Two of my personal favorite plants are ludisia discolor (jewel orchid) and neoregelia pink stripe (brom). They will fit well in a 29 gallon. They can both be found on joshsfrogs.com if you want to check them out.


----------



## Ken (Jun 21, 2009)

So its been a while. I finally got my plants. A selection of 6 broms, an orchid, baby tears, and a peperomia to start with. I know nothing about arranging, so I just stuck everything in and this is how it turned out.










I welcome any and all suggestions!


----------



## R1ch13 (Apr 16, 2008)

Here mate...

Thats actually looking very very nice.

You must be very pleased with it, I know i would be.

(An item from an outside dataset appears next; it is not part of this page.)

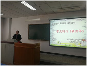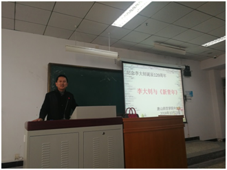 为纪念中国共产主义先驱、杰出的无产阶级革命家、中国共产党的主要创始人之一李大钊同志诞辰129周年,中文系于10月23日下午举办了“李大钊与《新青年》”专题讲座。主讲人为现当代文学教研室教师、文学博士郑丽丽副教授,参加讲座的有中文系党总支书记张学鹏,现当代文学教研室教师陈自然、刘学云、汪贻菡以及2016级、2017级优秀同学代表30余人。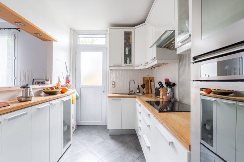 Derrière sa façade de caractère, typique de l’architecture pavillonnaire de l’entre-deux-guerres, la maison a fait l’objet d’une rénovation complète, menée avec soin tant sur les extérieurs que sur les espaces intérieurs. L’ensemble compose aujourd’hui un lieu de vie harmonieux où se mêlent éléments d’origine et aménagements contemporains.

Only thing I could say about it is, Id maybe put the big brom on the right at more of an upright angle, so the axil can gather water, i looks pretty horizontal in the pic...

Welldone mate

Richie

EDIT: P.S Covering up the false bottom would really make a huge difference to the overall appearance of the tank, as small as it is, that little white strip of eggcrate really does detract from the natural beauty of the tank. Anything as simple as some black paper or even this sticky sided contact paper would work wonders.


----------



## JoshK (Jan 5, 2009)

Looking good Ken.


----------



## yumpster (May 22, 2009)

Is that a pink stripe!?


----------



## Ken (Jun 21, 2009)

R1ch13 said:


> Only thing I could say about it is, Id maybe put the big brom on the right at more of an upright angle, so the axil can gather water, i looks pretty horizontal in the pic...
> 
> Welldone mate


Thanks Richie!

It is a bit horizontal, not quite so much as it looks. I do need come up with a better method for mounting such a top-heavy brom. 

The false bottom still doesn't phase me at all. Maybe I'm just used to it. I'll pick up some of the contact paper and try it out to see what I'm missing. 

Thanks for the feedback!


----------



## Ken (Jun 21, 2009)

yumpster said:


> Is that a pink stripe!?


I ordered a mix pack so I didn't know what I was getting until they showed up today. I'm really happy with the variety of sizes and colors! 

Left to right:
Neo. Aummensis x Compacta (not sure if I'm reading the handwriting correctly)
Neo. Tiger Cub
Neo. Superball
Neo. Compacta Small Form
Neo. Flaming Lovely
Neo. Zoe


----------



## Amanda0192 (Aug 7, 2009)

Ken said:


> I ordered a mix pack so I didn't know what I was getting until they showed up today. I'm really happy with the variety of sizes and colors!
> 
> Left to right:
> Neo. Aummensis x Compacta (not sure if I'm reading the handwriting correctly)
> ...


where did you order them from? my home depot doesnt have a very good selection


----------



## HunterB (Apr 28, 2009)

Amanda0192 said:


> where did you order them from? my home depot doesnt have a very good selection


My personal fav plave to get broms is from SpringValleyTropical.


----------



## Amanda0192 (Aug 7, 2009)

HunterB said:


> My personal fav plave to get broms is from SpringValleyTropical.


thats a website where i can order them??


----------



## Ken (Jun 21, 2009)

In fact I did order them from Spring Valley Tropicals  

Check the sponsors around here. I don't think you can go wrong with any of them.


----------



## Frogtofall (Feb 16, 2006)

Ken said:


> I ordered a mix pack so I didn't know what I was getting until they showed up today. I'm really happy with the variety of sizes and colors!
> 
> Left to right:
> Neo. Aummensis x Compacta (not sure if I'm reading the handwriting correctly)
> ...


Sorry about my chicken scratch handwriting. Haha. You got them all right except the first one. Neo. fluminensis x compacta. Sorry again! 

Your viv looks pretty well arranged. This will grow in really nice. I'd say in about 2 mos., its gonna look really well grown in and full.


----------



## Ken (Jun 21, 2009)

Frogtofall said:


> Sorry about my chicken scratch handwriting. Haha. You got them all right except the first one. Neo. fluminensis x compacta. Sorry again!


No worries! If I had written it, it would have looked like some alien language!


----------